→ **Problem**
Print the records below exactly, and do not carry over any picture.
:: Entries provided ::
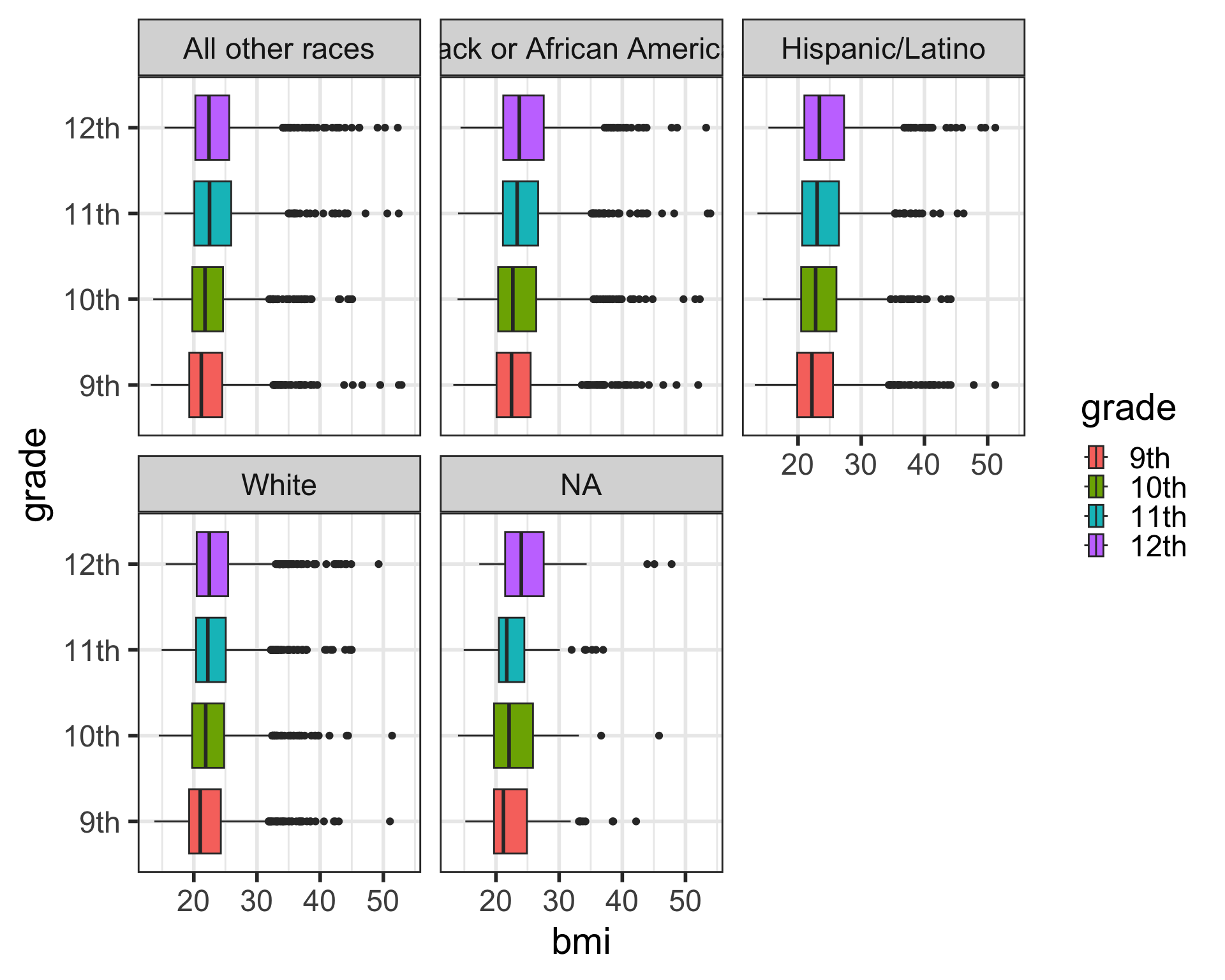 facet_grid()Facet the boxplot below by age and grade, don’t forget the vars():
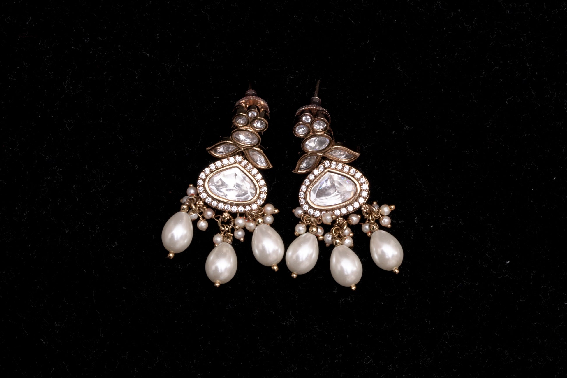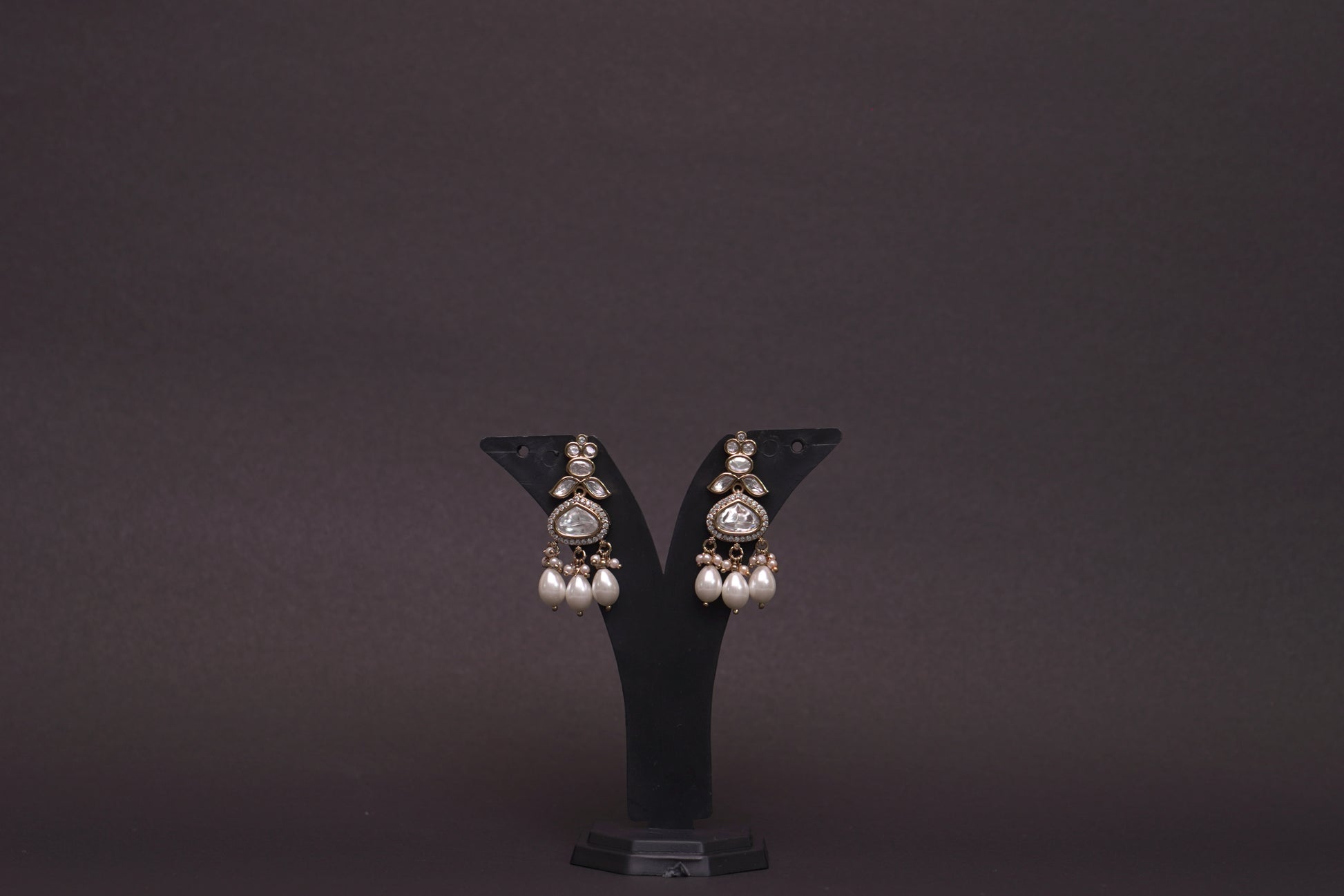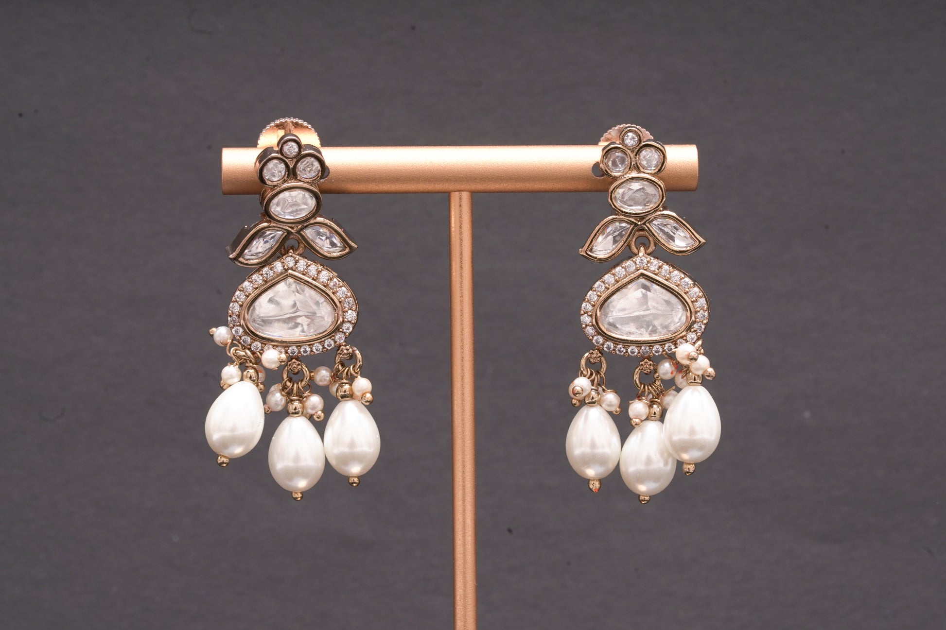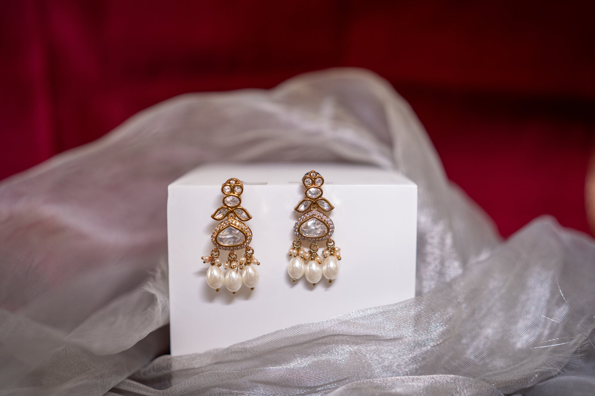 Discover the epitome of Indian craftsmanship and design with these chandelier earrings featuring a gold finish. Crafted with two elegant styles of polki stones and dual sized pearls, these earrings exude a delicate and traditional charm. Elevate your style with these versatile earrings, perfect for a daytime brunch or an evening of traditional Indian gathering.
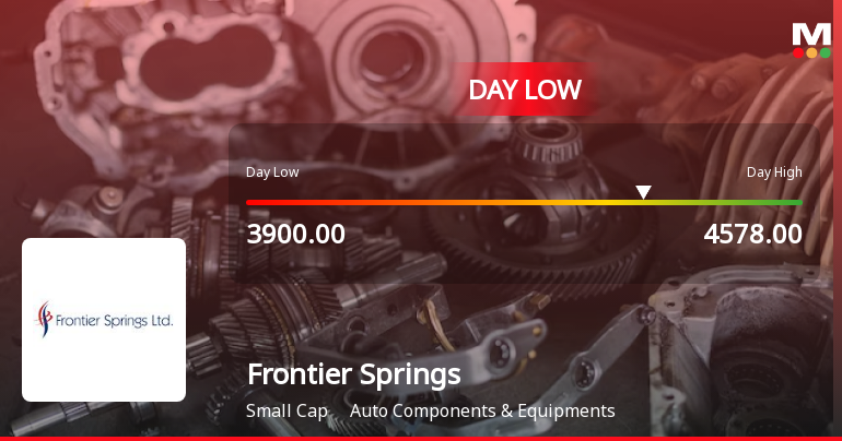 Frontier Springs Ltd experienced a significant intraday decline on 21 Jan 2026, touching a low of Rs 3,900, reflecting a sharp price correction amid broader market weakness and sector underperformance. The stock fell by 9.56% during the day, underperforming its sector and the benchmark Sensex.
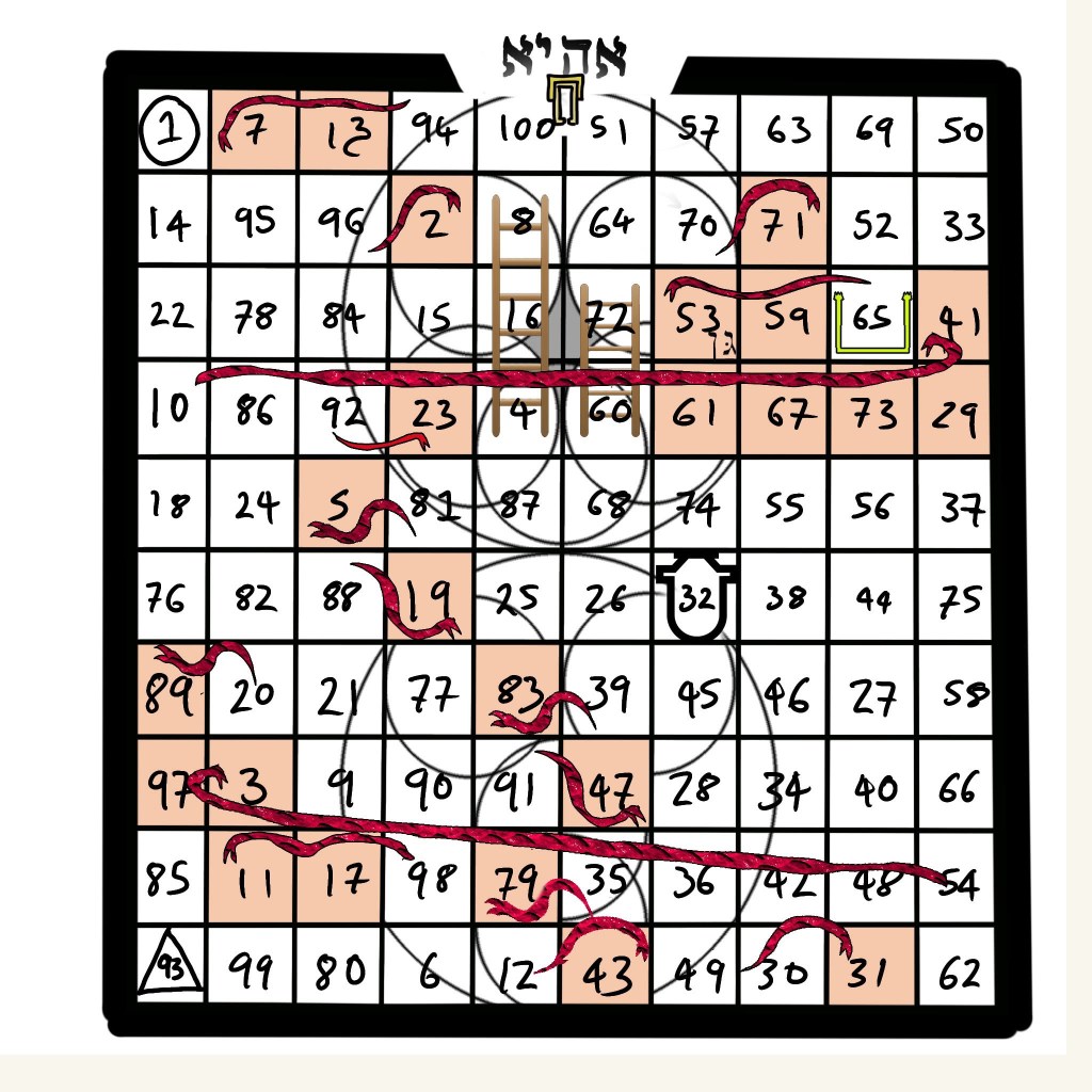 “No” he said, ” but your next art folly will be an 8×8 square ala Mercurius, for Thoth, 32 squares and snakes and ladders.Or chess.”
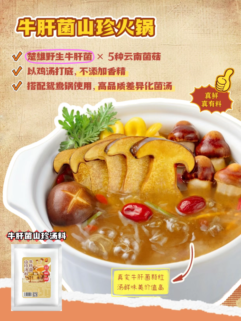 契合冬天“健康养生”趋势,牛肝菌低脂低热量,富含膳食纤维、抗氧化物质,喝出好气色。
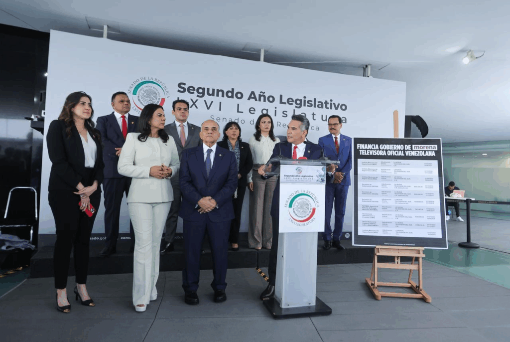 El senador y presidente nacional del PRI, Alejandro Moreno Cárdenas, ofreció una conferencia de prensa en la que denunció que el gobierno de Morena recurre a prácticas de corrupción, manipulación de información y vínculos con el crimen organizado para mantener una imagen favorable ante la ciudadanía.
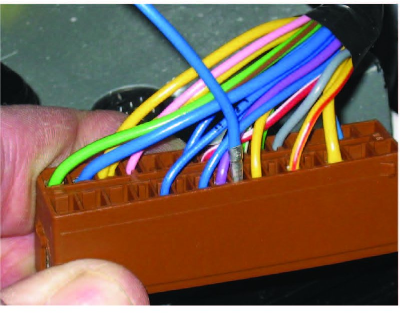Remove the brown 32-pin connector on the rear control module (REM)
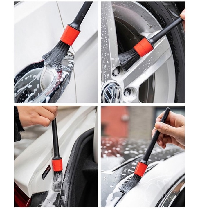 ✔ 5 DIMENSIUNI DIFERITE – Setul include 5 perii, fiecare cu un diametru diferit, astfel incat sa ajungi cu usurinta in fiecare colt al masinii. Indiferent daca ai nevoie sa cureti orificiile de ventilatie, consola centrala, butoanele sau jantele, acest set iti ofera precizia necesara.
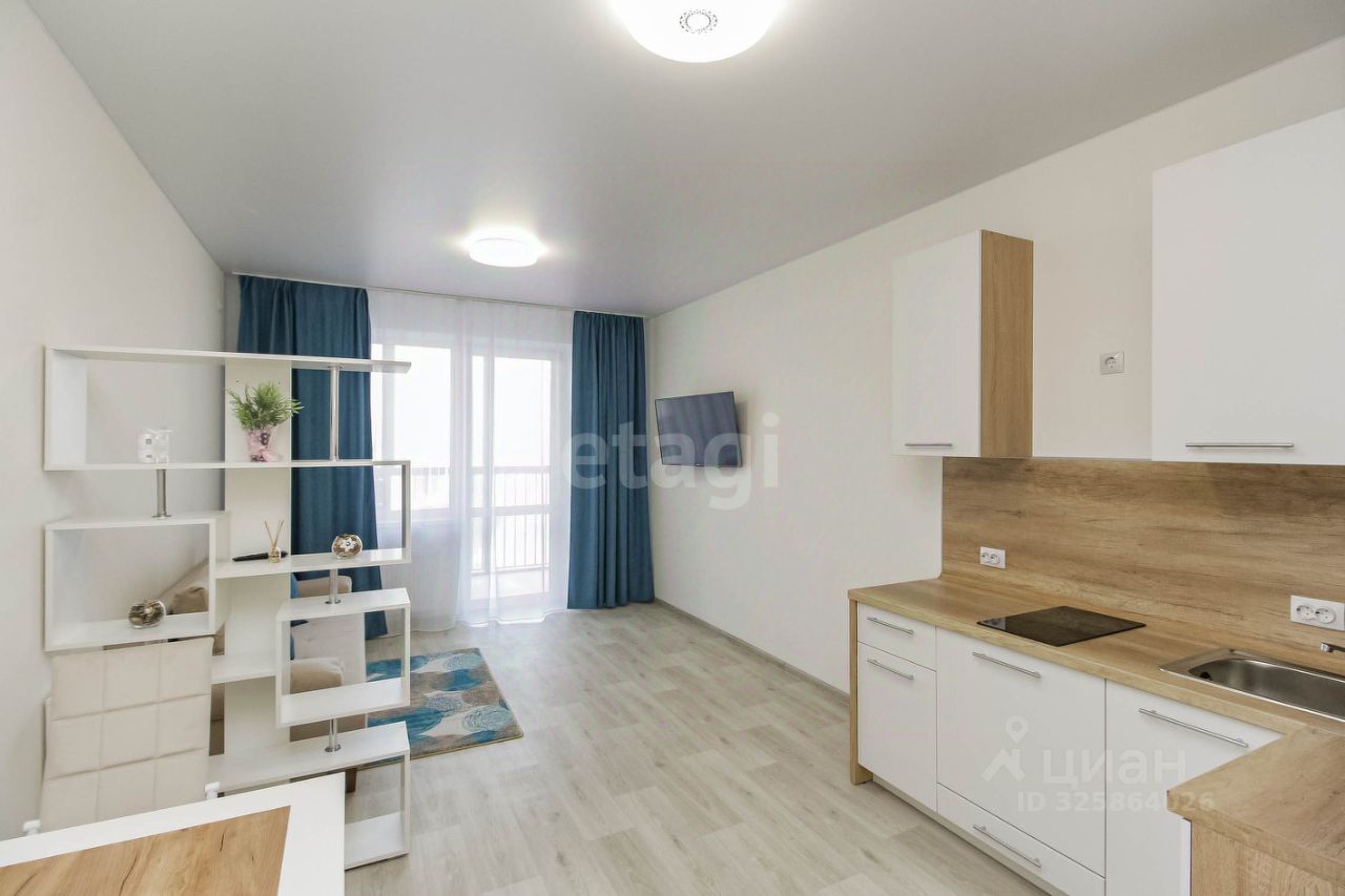 ЖК ''РИТМЫ'' загородная жизнь вблизи города - это реальность! Квартира формата студия. Выполнен современный ремонт. Квартира полностью с мебель и техникой- кухонный гарнитур с варочной поверхностью, диван, стол, стулья, телевизор, холодильник, стиральная машина. Во дворе детские площадки для разных возрастных групп, а также перголы для отдыха в тени. Архитектурные решения и природа обеспечивают гармонию окружающего мира. Транспортная доступность включает в себя не только удобный автомобильный въезд, но и наличие автобусных остановок. Недалеко ТРЦ СитиМолл, 10 минут на автомобиле.
:::
→ **Exercise output**
 facet_grid()Facet the boxplot below by age and grade, don’t forget the vars():
 Discover the epitome of Indian craftsmanship and design with these chandelier earrings featuring a gold finish. Crafted with two elegant styles of polki stones and dual sized pearls, these earrings exude a delicate and traditional charm. Elevate your style with these versatile earrings, perfect for a daytime brunch or an evening of traditional Indian gathering.
 Frontier Springs Ltd experienced a significant intraday decline on 21 Jan 2026, touching a low of Rs 3,900, reflecting a sharp price correction amid broader market weakness and sector underperformance. The stock fell by 9.56% during the day, underperforming its sector and the benchmark Sensex.
 “No” he said, ” but your next art folly will be an 8×8 square ala Mercurius, for Thoth, 32 squares and snakes and ladders.Or chess.”
 契合冬天“健康养生”趋势,牛肝菌低脂低热量,富含膳食纤维、抗氧化物质,喝出好气色。
 El senador y presidente nacional del PRI, Alejandro Moreno Cárdenas, ofreció una conferencia de prensa en la que denunció que el gobierno de Morena recurre a prácticas de corrupción, manipulación de información y vínculos con el crimen organizado para mantener una imagen favorable ante la ciudadanía.
Remove the brown 32-pin connector on the rear control module (REM)
 ✔ 5 DIMENSIUNI DIFERITE – Setul include 5 perii, fiecare cu un diametru diferit, astfel incat sa ajungi cu usurinta in fiecare colt al masinii. Indiferent daca ai nevoie sa cureti orificiile de ventilatie, consola centrala, butoanele sau jantele, acest set iti ofera precizia necesara.
 ЖК ''РИТМЫ'' загородная жизнь вблизи города - это реальность! Квартира формата студия. Выполнен современный ремонт. Квартира полностью с мебель и техникой- кухонный гарнитур с варочной поверхностью, диван, стол, стулья, телевизор, холодильник, стиральная машина. Во дворе детские площадки для разных возрастных групп, а также перголы для отдыха в тени. Архитектурные решения и природа обеспечивают гармонию окружающего мира. Транспортная доступность включает в себя не только удобный автомобильный въезд, но и наличие автобусных остановок. Недалеко ТРЦ СитиМолл, 10 минут на автомобиле.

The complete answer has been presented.